Yankel and Molka Barenboim

Yankel and Molka Barenboim

This is a picture of my parents, Yankel and Molka Barenboim. The photo was taken in Kishinev in 1910. My father was born in a Moldovan village in the 1880s. He had one brother and seven sisters. Five sisters lived in Kishinev, and I knew them and their families. The family was very poor. He used to say that the children often went to bed hungry. Their mother was always concerned with feeding such a large family, she worked around the house unstintingly. Clothes were passed from the older kids to the younger ones. The biggest problem were shoes: in the summer everyone walked barefoot, and in the winter children often stayed in because they all had to share one pair of boots. My father and his brother attended cheder.
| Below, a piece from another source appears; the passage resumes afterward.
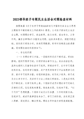 2023年专题民主生活会领导班子对照检查材料按照中央以及市委关于开展主题教育的要求部署,市政府办公室党组紧紧围绕此次主题教育专题民主生活会的会议主题,在深化理论学习、广泛征求意见的基础上,对照实施方案明确的六个方面重点查摆内容,着力查找存在的突出问题,深挖问题产生的根源,明确努力方向和整改措施。下面,按照要求我代表班子作对照检查。一、存在的问题(一)在理论学习方面。一是学习形式还不够灵活、精细。个别班子成员虽然能够严格落实党组学习制度,但是学习的形式还不够灵活,学习的程度还不够精细。有时用看读本、听讲座代替读原著、学原文,还没有完全做到原原本本、原汁原味地学。有时比较注重分管领域内容的学习,其他方面的内容学得相对少一些。二是学习内容还不够全面、精确。客观来看,在学习的内容上,系统性还不强,不能融会贯通的理解和把握新思想、新理论。党组理论中心组落实了集中学习科目,但学习内容涉及促进经济社会发展等课题还不够。特别是服务全市发展方面缺少靶向性。在中心任务最重的时段,抓班子集中学习力度有所减弱。三是学习成果转化还不够见效、精准。在入脑入心、成果转化、指导实践方面还有一定的差距,有时学习理解是相对孤立的,不能很好地运用理论和实践、历史和现实、当前和未来相结合的方法不能完全做到知其然,又知其所以然,与实际工作对接还不够紧密。(二)在政治素质方面。一是践行两个维护还有差距。主要表现在个别班子成员还不善于在大局中找定位、定目标,不能从政治高度、大局角度综合考虑问题,如,在综合办公、贯通协调、上传下达等过程中,与市委市政府战略部署结合不够紧密在政治素养方面还不够高,政治判断力、政治领悟力、政治执行力不够强,缺乏政治的敏锐性和洞察力。二是政治能力还有所欠缺。主要表现个别班子成员在运用政治眼光观察和分析问题的能力不够强,从综合办公中体现政治导向、政治要求做得还不到位对标增强八种本领、提高七种能力要求还有差距。如,在深入分析办公运转、上下联动、办文办会、事务管理等方面产生问题原因上还存在工作研究不透、规律把握不准的问题,透过业务工作发现政治问题端倪的能力还需提升。三是谋划党建工作思路不够宽阔。个别班子成员在谋划部署党建工作过程中,缺少对于党建工作前瞻性的谋划,虽然也召开了多次会议研究党建工作,但是深入系统研究的时候不多,把一些新的理论、新的举措运用到工作中来效果不明显,对于如何丰富党建工作的载体、创新党建工作的举措没有进行深度思考,仅满足于常规动作的开展对于结合市政府办公室工作的实际没有及时推陈出新。(三)在能力本领方面。一是思想解放不深入。对新形势下市政府办公室工作如何守正创新、走深做实缺乏深度思考,透过现象看本质的能力有待进一步提高,导致学习领会上级政策文件精神还不够精准,思想认识与新时代全市发展要求还有一定差距。站在综合办公职能作用的发挥以及全市经济社会发展大局去思考问题的高度不够,对改革突破的方向和着力点找得不准,从而影响了工作质效。二是能力不济不会为。部分班子成员不重视学习,学习不深不透,不注重提升自身综合素质,导致存在干部履职能力不足、本领恐慌问题,没有干一行、钻一行、精一行的恒心毅力,对自己负责工作必需的业务知识,浅尝辄止,满足于一知半解,工作不求过得硬、只求过得去。有时,面对纷繁复杂的工作理不清头绪,找不到解决问题、实现目标的路径。把市政府办公室工作成效至于全国的坐标系内进行衡量做得还不够到位,对于其他市市先进的经验做法缺少积极借鉴、消纳吸收的主动性。三是业务培养方法不多。当前,我室干部存在能力发展不均衡、不全面的问题,这说明对加强干部队伍专业能力建设的长期性、艰巨性认识还不够深刻,谋划制定提升干部综合能力的方法还不够具有针对性,载体不够丰富,效果不够明显,导致面对新形势新任务时,应对风险挑战的本领还有待进一步提升,缺乏及时发现和解决自身存在问题的意识和能力。比如,在运用网络手段提升办公室文秘人员文稿写作水平上,室里不少同志要求办理年度会员一事,因各种原因,一直未落实。(四)在担当作为方面。一是主动创新意识不够强。部分班子成员在实际工作中创新意识不强,视野不够开阔,不能跳出小圈子看问题,不能站在全局谋思路,有的面对实际困难和问题拿不出新办法新举措,凡事找依据、等上面、看外边,文件没说的不敢说、以前没干的不敢干。二是善于斗争本领还不够强主要表现在面对新时代、新矛盾、新目标、新部署,班子成员还没有完全适应,未能做到把个人的理想信念、价值追求充分融入到工作事业中。面对各项艰巨的任务,缺乏敢于斗争的勇气和舍我其谁的魄力,缺乏以钉钉子精神抓落实的韧劲。三是攻坚克难缺少务实管用招法。当前提升综合办公质效作为我们工作的重中之重,难中之难,党组班子成员对于督办落实这块硬骨头还没有完全啃下来,在推动重大事项交办落实过程中

In the winter they had to take turns, again, due to the shortage of footwear. The children learned how to make an imitation of a bast-shoe from the stem of a corn plant. Needless to say that these shoes didn't keep them warm, but it was possible to wrap ones feet in some rags first and then put on these pseudo-shoes. Neither my father nor his sisters wanted to spend their entire lives in poverty in a small Moldovan village. The children grew up and, one by one, they left for the capital of Moldova, Kishinev, in search of a better life. My father left, too. He had no education. He found a job as a construction worker and rented a small place to live. My mother was born in 1889 in a small village in Podolskaya Province. That part of Ukraine borders with Moldova. Her Romanian was poor, and she preferred to speak Russian. I don't know how my parents met because they never talked about it. They got married in Kishinev in 1909. They had a traditional Jewish wedding with a chuppah. My parents were religious, just as their parents were. My parents rented their first apartment. I remember that apartment. Our family lived there until 1932. There was a large courtyard with a flowerbed in the middle. There were a few separate small houses in the courtyard. They all belonged to a single owner, a middle-aged Jew, who rented them out. Each house had two rooms, a kitchen and a vestibule. There was no bathtub and no toilet. We had no running water. Water was brought in from a well and stored in a large barrel, which stood in the kitchen. We bathed in the kitchen, in a large galvanized trough. The water was heated in a samovar and poured into the trough. The toilet was in the yard.